Dissertation/Thesis Abstract

Spectroscopic, kinetic, and mutational studies of the multicopper oxidases: Insight into the mechanism of oxygen reduction to water
by Augustine, Anthony J., Ph.D., Stanford University, 2009, 250; 3382931
Abstract (Summary)

The multicopper oxidase (MCO) family of enzymes, which includes Fet3p and R.v. laccase, catalyzes the four-electron reduction of O2 to H2O, coupled to the one-electron oxidation of four equivalents of substrate. To carry out this process these enzymes require a minimum of four Cu atoms, a type 1 site (T1), a type 2 site (T2), and a coupled binuclear, type 3 site (T3). The T1 is the site of substrate oxidation and also shuttles electrons over >13 Å, via the T1-CysHis-T3 electron transfer (ET) pathway, to the T2 and T3, which form a trinuclear Cu cluster (TNC) where O2 is reduced to H2O.

Variants of two carboxylate residues, E487 near the two T3 Cu's (T3A and T3B) and D94 near the T2 and one of the T3 Cu's (T3B), in the second coordination sphere of the TNC of Fet3p have been isolated. All variants have intact TNC's and different impacts upon reactivity, thus allowing the role of each residue in the reduction of O2 to be elucidated. E487 is responsible for transferring a proton during reductive cleavage of the O-O bond and for an inverse kinetic solvent isotope effect, which indicates that this proton is already transferred when the O-O bond is cleaved. D94 plays a key role in the reaction of the reduced TNC with O2 and drives ET from the T2 to cleave the O-O bond by deprotonating the T2 water ligand.

Two variants of Fet3p have been isolated with a T3 Cu His ligand mutated to Gln, H126Q (T3A') at the T3A and H483Q (T3B') at the T3B. These variants have valid and similarly perturbed TNC's, but only T3A' reacts with O 2. Spectroscopic characterization of the resting oxidized and reduced forms of both variants and the peroxide intermediate in T3A' has shown that the TNC is asymmetric, with reduction of O2 to O2 2- occurring selectively on its T3BT2 edge.
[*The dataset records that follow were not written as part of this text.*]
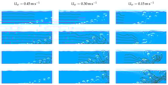 Figure 2 provides insight on the influence of the flow velocity on the bubble plume dynamics. As the ratio increases, there is a higher downstream deflection of the bubble curtain, and thus, the bubbles reach the surface at a much later downstream position. On the other hand, as the ratio decreases, the bubbles are more densely distributed throughout the water depth. Also, note the higher degree of turbulent mixing for the lower water velocities. This may be unfavorable since the turbulent mixing can pull the microplastic particles downwards, which may affect their efficient removal. This raises an important question on the importance of , which must be thoroughly studied in order to identify its optimal value.
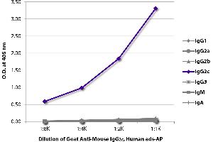 Reacts with the heavy chain of mouse IgG 2c as demonstrated by ELISA.
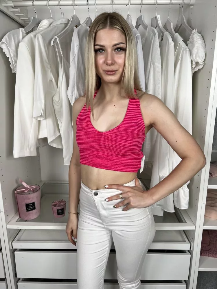 Shein (S) Rózsaszín Anyagában Mintás Hátul Nyakban Megkötős Felső
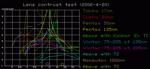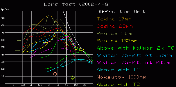 This graph can give good advice at how to use the lenses. It's clear that the 17mm should be used at f/8 whenever practical, the 135mm at f/11, and when the latter is combined with the teleconverter it should be set at f/8, giving a true f/16. The 28mm and 50mm lenses provide good performance over the range of f/4 to f/11, giving more room for creativity than the other lenses. Unfortunately the graph also shows that the 1000mm lens is unsuitable for serious photography because of its very low resolution, and that the same is true, to a lesser extent, for the zoom/teleconverter combination.
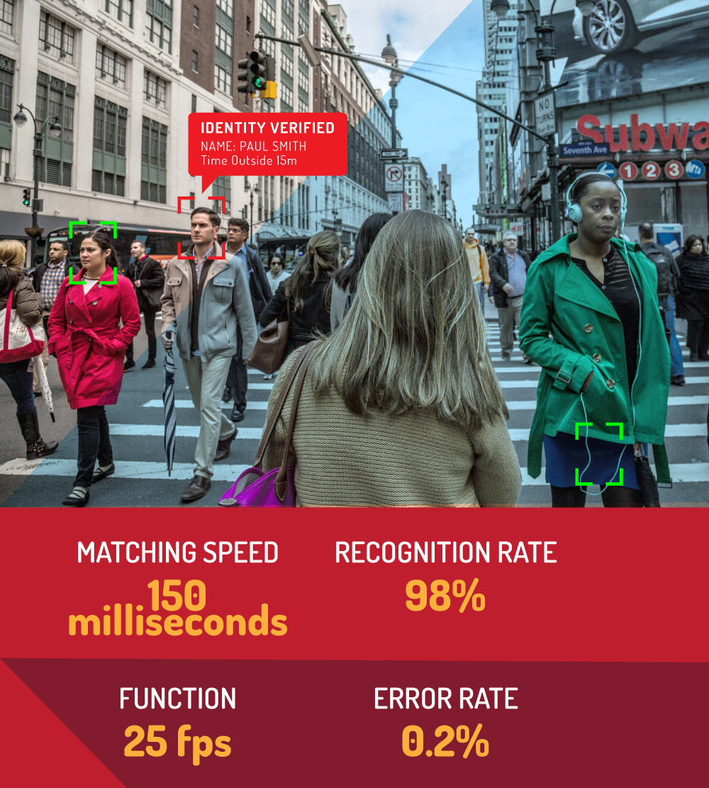 The matching speed of FACEHAWK is 150 milliseconds with a 98% recognition rate. It constantly performs its function on 25fps with an error rate of 0.2%. It has a user-friendly Graphic User Interface (GUI), which empowers its user to use the software efficiently. It also empowers its users in decision making and to take preventive actions based on the in-built business intelligence reports generated through live events. It is highly secure as well as cost-effective.

This is a result of the structural activation of T3B to react with O2, and the negative charge of D94, which increases the driving force for O2 reduction by the T3B and T2 Cu's. In T3B' the T3B Cu is perturbed such that it is longer activated, accounting for its lack of O2 reactivity. The role of TNC asymmetry throughout the MCO catalytic cycle is also discussed.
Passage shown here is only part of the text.